In the meantime, check out the second part of Jane Eyre this Sunday on PBS-MPT.  The first part will be aired on PBS-WETA. 

1.03.2008

Creative Writing Update

Yay, I finally submitted another creative writing piece to my writer's group.  I'm very nervous about Monday's critique and I fear that the group will tell me that I haven't made any improvement since my last submission. 

It's unfortunate that my routine of writing each night lapsed after my first critique in October.  I guess I was disheartened by the criticism and particularly, by comparing my first work with that of my counterparts in the group and in the published world of chick-lit.

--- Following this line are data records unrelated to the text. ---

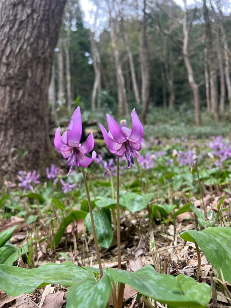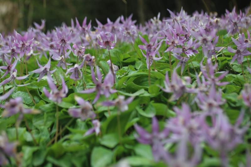 ニリンソウの群生、 カタクリは一面紫色の絨毯でした。
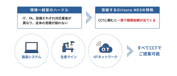 CCTは、ITシステムとしてOrizuru MESの構築、FAのためのOTネットワーク構築や制御の仕組み構築・改修、設備の改造・導入まで一気通貫でのご対応が可能です。
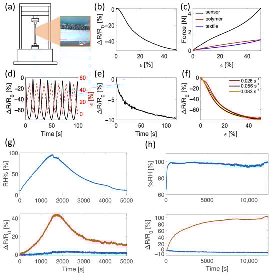 (a) Diagram of electro-mechanical test setup and cross-sectional stereophotogrammetric microscope image of the sensor. (b) Relative resistance change to 50% strain in quasi-static condition at 0.05 min−1. (c) Force trend during straining at 50% of the textile alone, the polymeric matrix alone, and the silicone-encapsulated textile (reported as sensor). (d) Relative resistance change to triangular cyclic straining to 50% at a speed of 0.056 s−1. (e) Relative resistance drift when 50% strain is maintained for 120 s. (f) Relative resistance change when strained to 50% at 0.028 s−1, 0.056 s−1 and 0.083 s−1. (g) Moisture influence on the sensor’s output. Relative humidity provided to the sensors is shown in the top plot. The bottom plot shows changes in relative resistance of the encapsulated sensor (blue line) and the bare sensor (red line). (h) Relative resistance changes of the sensor’s when exposed to 100% relative humidity for over 3 h. Relative humidity provided to the sensors is shown in the top plot. The bottom plot shows changes in relative resistance of the encapsulated sensor (blue line) and the bare sensor (red line).

I hope that Monday's meeting--regardless of whether I get a positive or negative critique--will be the spark I need to rediscover my passion for my story and this form of creative expression.  I hope that it will encourage me to start writing again--not with the intention of impressing anyone or getting published, but with the intention of expressing and finding myself. 

I still hope to finish my novel by next fall and of course, I'm totally off track.  I wanted to finish the skeleton/novella by now.  Instead, I have written no more than 21 pages of the first third of the story.  I have a long way to go, but I am willing to sacrifice a few weekends to this undertaking.  I shan't give up.